Heathrow warned by airlines about power supply days before shutdown

- Published
Heathrow Airport was warned about the "resilience" of its power supply in the days before a fire which shut down the airport for more than a day last month.
Nigel Wicking, chief executive of Heathrow Airline Operators' Committee, a group representing airlines, told MPs on Wednesday that he spoke to Heathrow twice in the week before the closure on 21 March.
He questioned why the airport was closed as long as it was and why it was not more prepared considering its importance.
However, Heathrow boss Thomas Woldbye called the fire an "unlikely event" and defended the length of the closure, saying he had to make "very serious safety decisions".
Mr Woldbye apologised to the more than 300,000 passengers whose journeys were disrupted.
He offered his "deepest regrets" adding that the "situation was unprecedented". The airport was shutdown after a fire at an electrical substation.
The chaos at Heathrow has raised concerns about the reliability of the major transport hub - and brought into question the UK's energy resilience more broadly.
Power concerns
Speaking to MPs on the transport committee, Mr Wicking said he raised cases of "theft of wire and cable around some of the power supply" which he said temporarily took out runway lights, which are critical to passenger safety.
"I wanted to understand better the overall resilience of the airport."
He said he had spoken to the Team Heathrow director on 15 March about his concerns - six days before the fire - and the chief operating officer and chief customer officer on 19 March - two days before the fire.
Mr Woldbye said the airport had to rely on contracts it has with Scottish and Southern Electricity Networks for making the network resilient, and to improve that "comes at a very high cost", which would raise costs for airlines, and passengers.
However, Mr Wicking said Heathrow is "already the most expensive airport in the world".
"From an airline perspective, we expect resilience, we expect there to be the capability there and the understanding of when a power supply or an asset is not available, what will you do next, and how quickly will you bring it back?"
On the day of the shutdown, airlines had to divert 120 aircraft, which is "not a light decision to be made in any context", Mr Wicking added.
As a consequence, when Mr Wicking joined a call with NATs, the national air traffic service, at 05:30, "they'd run out of space within the UK for aircraft to divert".
"Aircraft were then going to Europe, and then some were even halfway across Europe and going back to base in India," he said. "So, quite a level of disruption for those passengers, let alone all of the cancellations".
There were 1,300 cancelled flights, he said.

The airport reopened on the Saturday following the fire.
When asked why it had not reopened sooner, Mr Woldbye said that could have meant passengers got hurt.
He said: "If we had got this wrong, we might be sitting here today having a very different discussion about why people got injured, and I think it would have been a much more serious discussion.
"So there is a margin within which our people have to take very serious safety decisions, and that is what they are trained for, that is what they do, and that requires that every single system is up and running, tested and safe."
However, Mr Wicking said Terminal 5 could have reopened sooner.
He said: "In terms of T5, my understanding both from British Airways but also on the day, was that pretty much everything was fine to operate by mid-morning, by 10 o'clock."
'Losing power'
After the substation fire began on the Thursday night, Mr Woldbye said Heathrow realised "during the early hours" of Friday 21 March that "we were losing power to the airport".
"In our operations centre you would seen all the red lights go, that the systems were powering down," he said. "We had no information as to why."
"We then had a slightly later stage call from the fire department that the substation was on fire," he said.
Heathrow is supplied by three substations, but knocking out one caused the airport to shut down.
Mr Woldbye said a third of the airport was powering down and that Terminal 2 was particularly affected, along with certain central systems.

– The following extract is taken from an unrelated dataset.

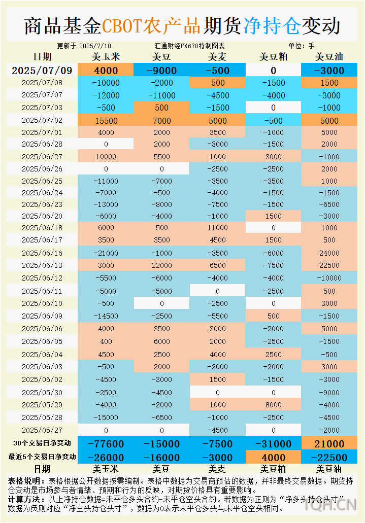 CBOT小麦期货过去30个交易日净空头持仓增加7500手,最近5个交易日新增3000手净空头,7月9日继续增加投机性净空头。基金抛售情绪受到北半球丰收压力驱动,市场对小麦供过于求的预期增强。

He added that it became "first and foremost a safety situation".
"We need to make sure, when a crisis happens, that people are safe," he said.
The safest way to proceed was to shut down airport systems, then bring them back on line, he said.
The first priority was to check that no-one been caught in lifts or was hurt.
Safety critical systems such as runway lighting and the control tower "switched in as they should", however, he said.
The government has backed plans for Heathrow to build a third runway as part of efforts to boost UK economic growth.
The airport would need double the amount of power for its expansion plans, Mr Woldbye said.
However, Mr Wicking said airlines, which support expansion, nevertheless had concerns that it would cost £40bn to £60bn, and that the costs would ultimately be passed onto passengers in the form of higher fees.
The danger was the expansion could turn into a "white elephant", he said.